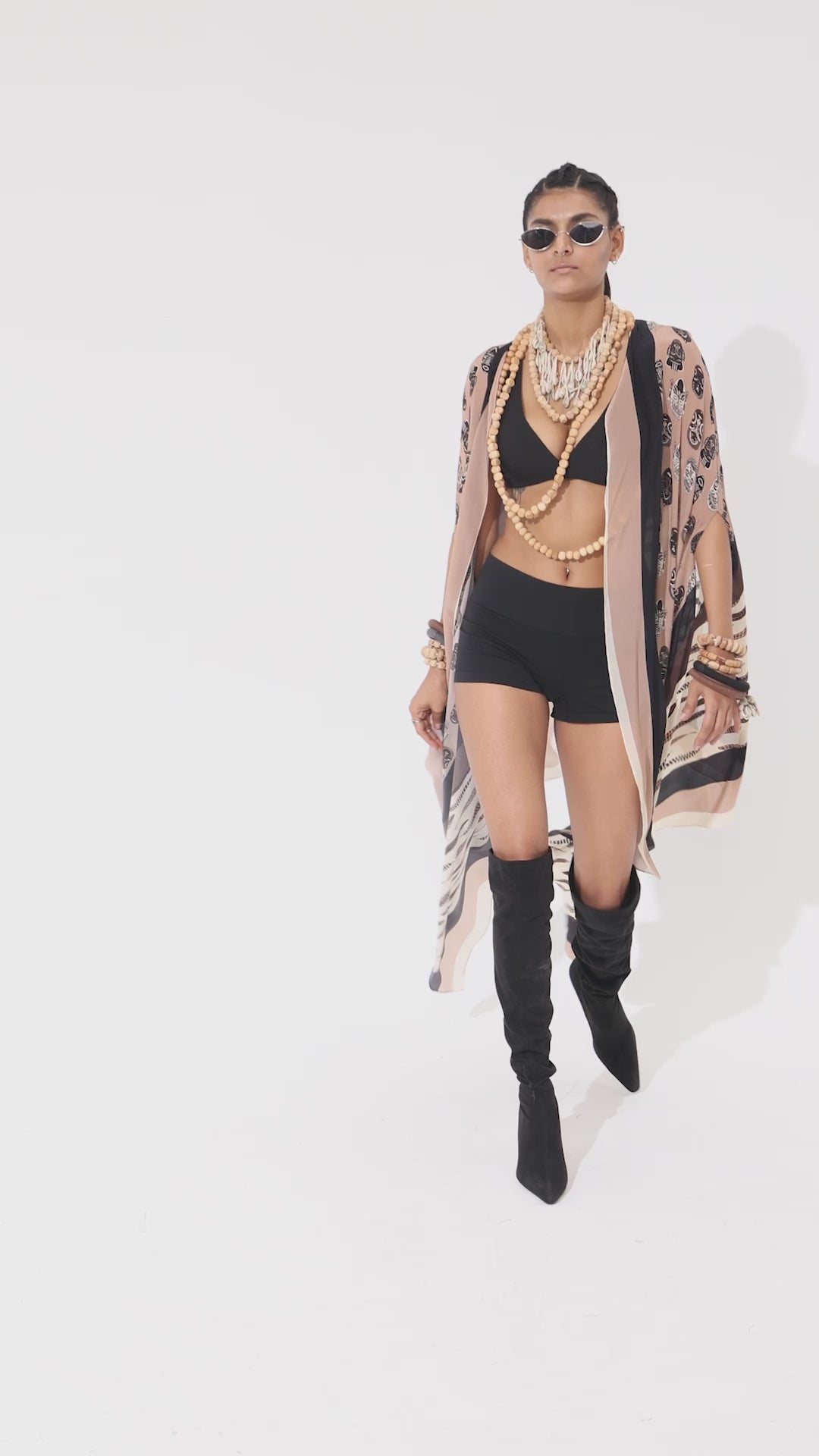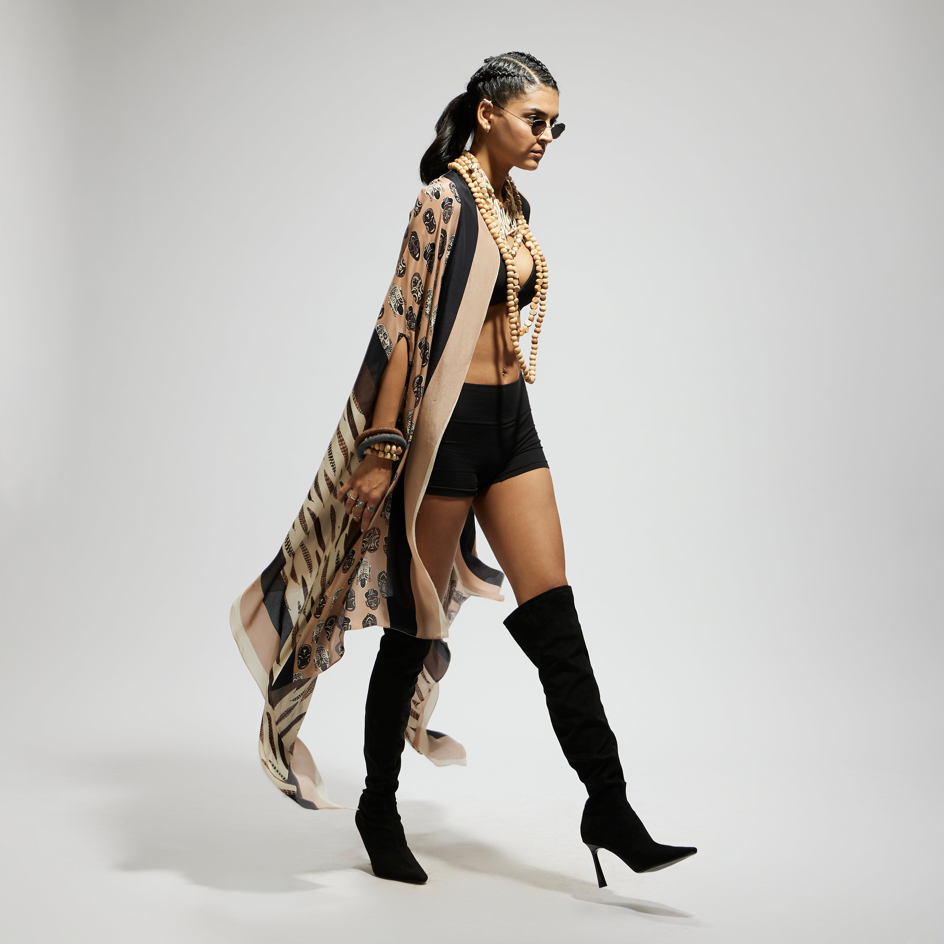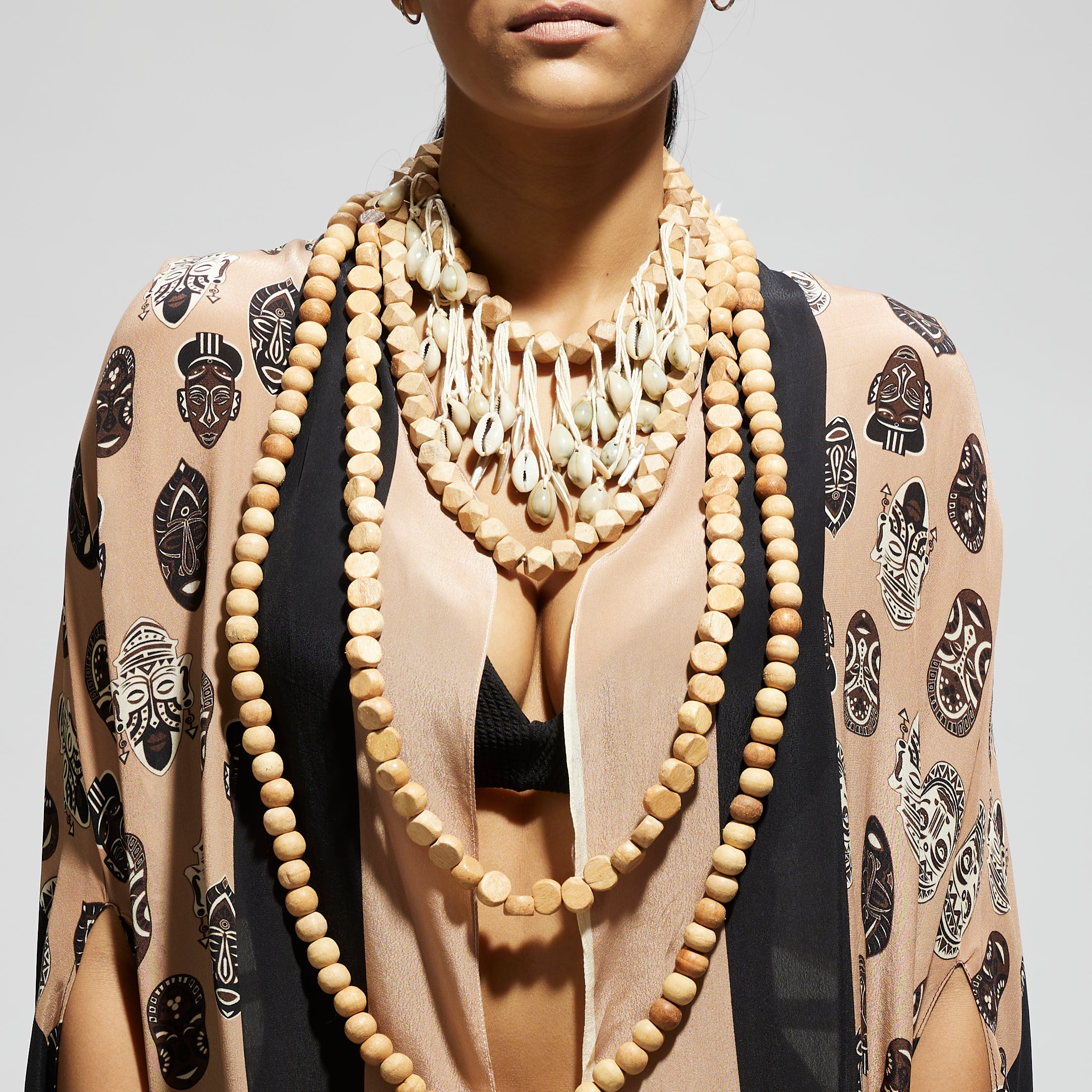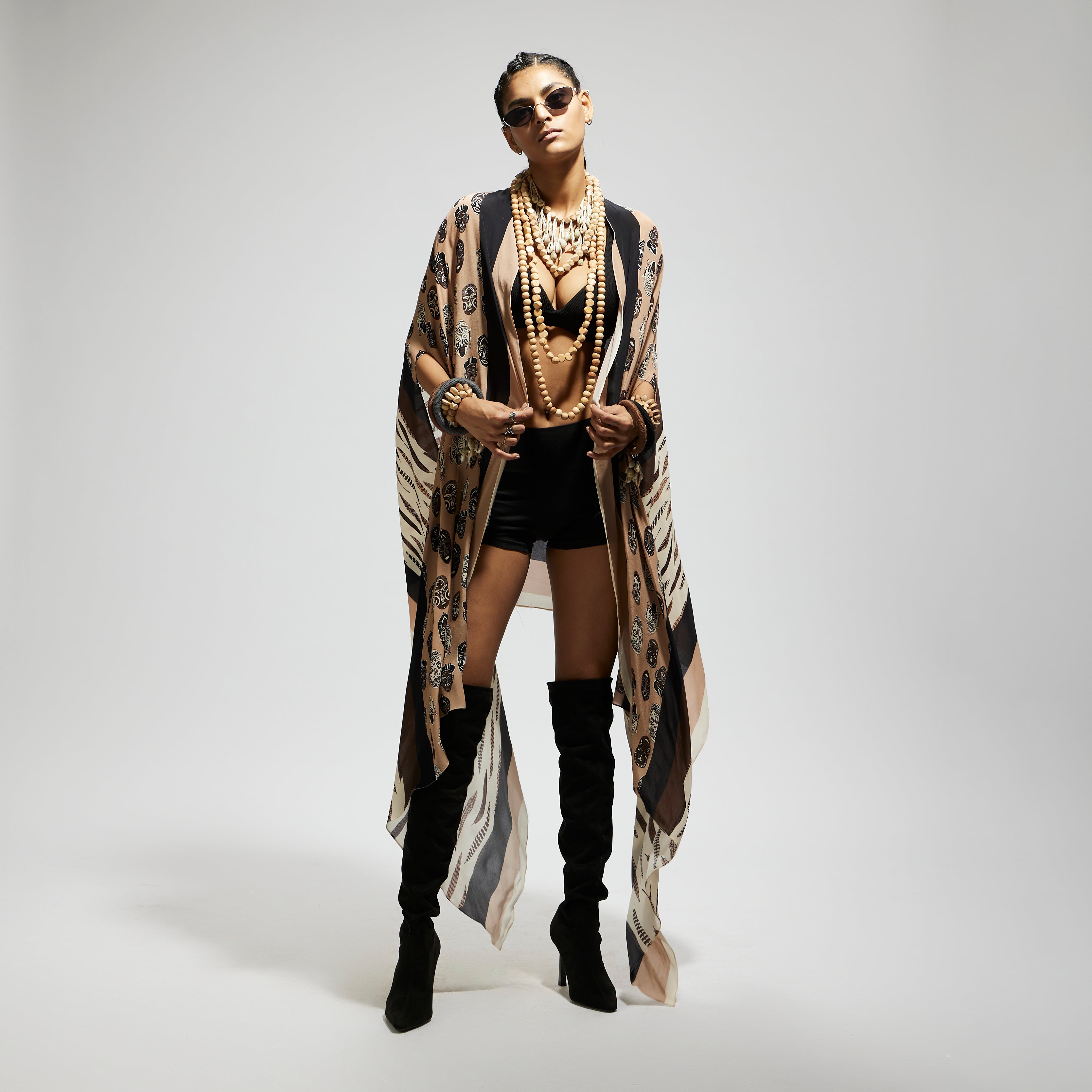 Featuring a mask and feather cape, fabric Crepe, Component 1
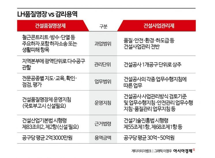 명장제는 건설산업기본법을 근거로 시행령에 담는 작업이 추진됐으나 흐지부지된 상황이다. LH 관계자는 "올해 사업은 종료됐고 감리와 역할이 겹친다는 내부 의견이 있었다"며 "품질 명장의 과업 범위를 조정해 내년부터는 다른 제도로 재편할 계획"이라고 말했다.
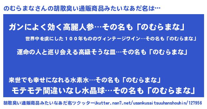 | 男性向けラノベタイトル風あだ名 | 『のむらまなに滅ぼされるだけの簡単なお仕事です』 |
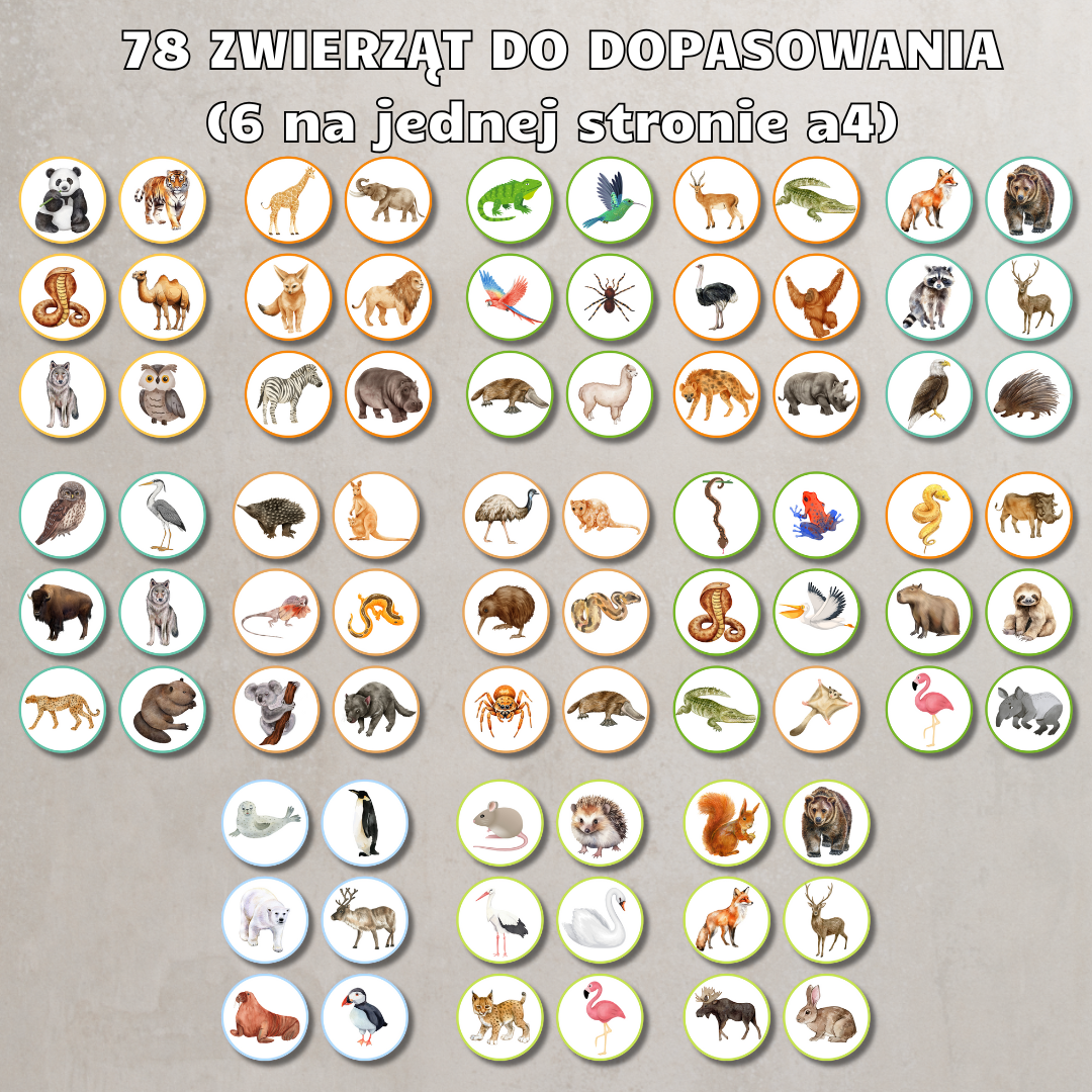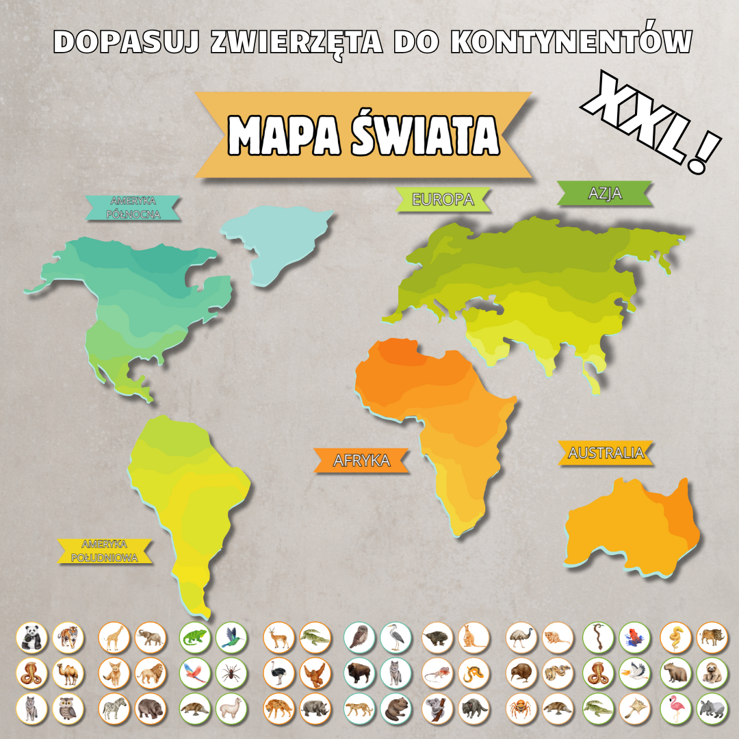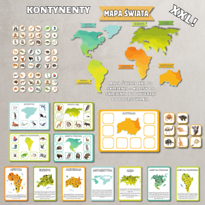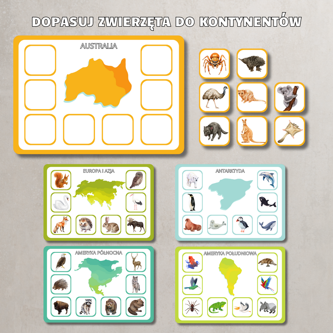 • Zestaw „Dopasuj zwierzęta do kontynentów” – atrakcyjna gra edukacyjna, w której dzieci uczą się, gdzie żyją poszczególne gatunki zwierząt.

- _Problem details_: Please retype the whole listing above word for word and drop the pictures.

- _Answer section_:
 Featuring a mask and feather cape, fabric Crepe, Component 1
 명장제는 건설산업기본법을 근거로 시행령에 담는 작업이 추진됐으나 흐지부지된 상황이다. LH 관계자는 "올해 사업은 종료됐고 감리와 역할이 겹친다는 내부 의견이 있었다"며 "품질 명장의 과업 범위를 조정해 내년부터는 다른 제도로 재편할 계획"이라고 말했다.
 | 男性向けラノベタイトル風あだ名 | 『のむらまなに滅ぼされるだけの簡単なお仕事です』 |
 • Zestaw „Dopasuj zwierzęta do kontynentów” – atrakcyjna gra edukacyjna, w której dzieci uczą się, gdzie żyją poszczególne gatunki zwierząt.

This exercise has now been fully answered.